# Multiple Linear Regression in Statsmodels - Lab

## Introduction
In this lab, you'll practice fitting a multiple linear regression model on our Boston Housing Data set!

## Objectives
You will be able to:
* Run linear regression on Boston Housing dataset with all the predictors
* Interpret the parameters of the multiple linear regression model

## The Boston Housing Data

We pre-processed the Boston Housing Data again.
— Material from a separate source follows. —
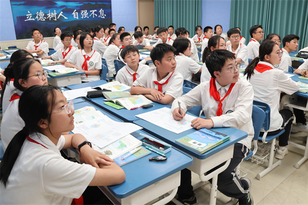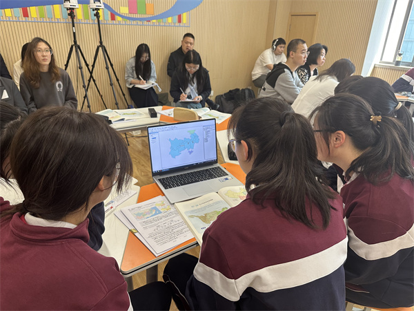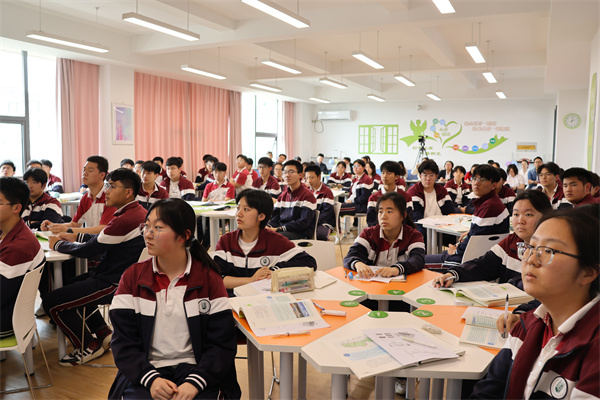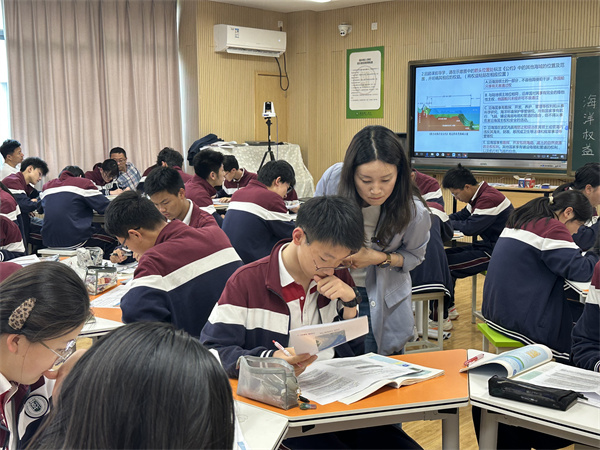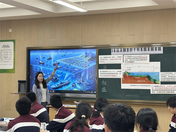 下午第二節(jié)課,來自蘇州實(shí)驗(yàn)中學(xué)的汪洋老師開設(shè)了《向海圖強(qiáng):共筑藍(lán)色疆域——海洋權(quán)益》示范課。在本節(jié)課的第一篇章:走向海洋——海權(quán)之問中,高一6班的同學(xué)們根據(jù)預(yù)習(xí)內(nèi)容,通過繪圖貼圖的形式將各類海域及其相應(yīng)權(quán)益一一明確,在動(dòng)手操作中落實(shí)區(qū)域認(rèn)知;在第二篇章共筑疆域——疆域?qū)嵶C中,同學(xué)們?cè)谕衾蠋煹闹笇?dǎo)下繪制海域范圍,深入思考東海大陸架劃界的科學(xué)依據(jù),感受科學(xué)家們?yōu)樽鎳?guó)領(lǐng)土主權(quán)完整所作出的巨大貢獻(xiàn);在第三篇章向海圖強(qiáng)——筑夢(mèng)深藍(lán)中,汪老師和同學(xué)們共同構(gòu)建東海海疆的發(fā)展藍(lán)圖,民族自豪感和使命感油然而生,地理學(xué)科的育人價(jià)值得以體現(xiàn)。

This time, however, we did things slightly different:
- We dropped "ZN" and "NOX" completely
- We categorized "RAD" in 3 bins and "TAX" in 4 bins
- We used min-max-scaling on "B", "CRIM" and "DIS" (and logtransformed all of them first, except "B")
- We used standardization on "AGE", "INDUS", "LSTAT" and "PTRATIO" (and logtransformed all of them first, except for "AGE") 

In [1]:
import pandas as pd
import numpy as np
from sklearn.datasets import load_boston
boston = load_boston()

boston_features = pd.DataFrame(boston.data, columns = boston.feature_names)
boston_features = boston_features.drop(["NOX","ZN"],axis=1)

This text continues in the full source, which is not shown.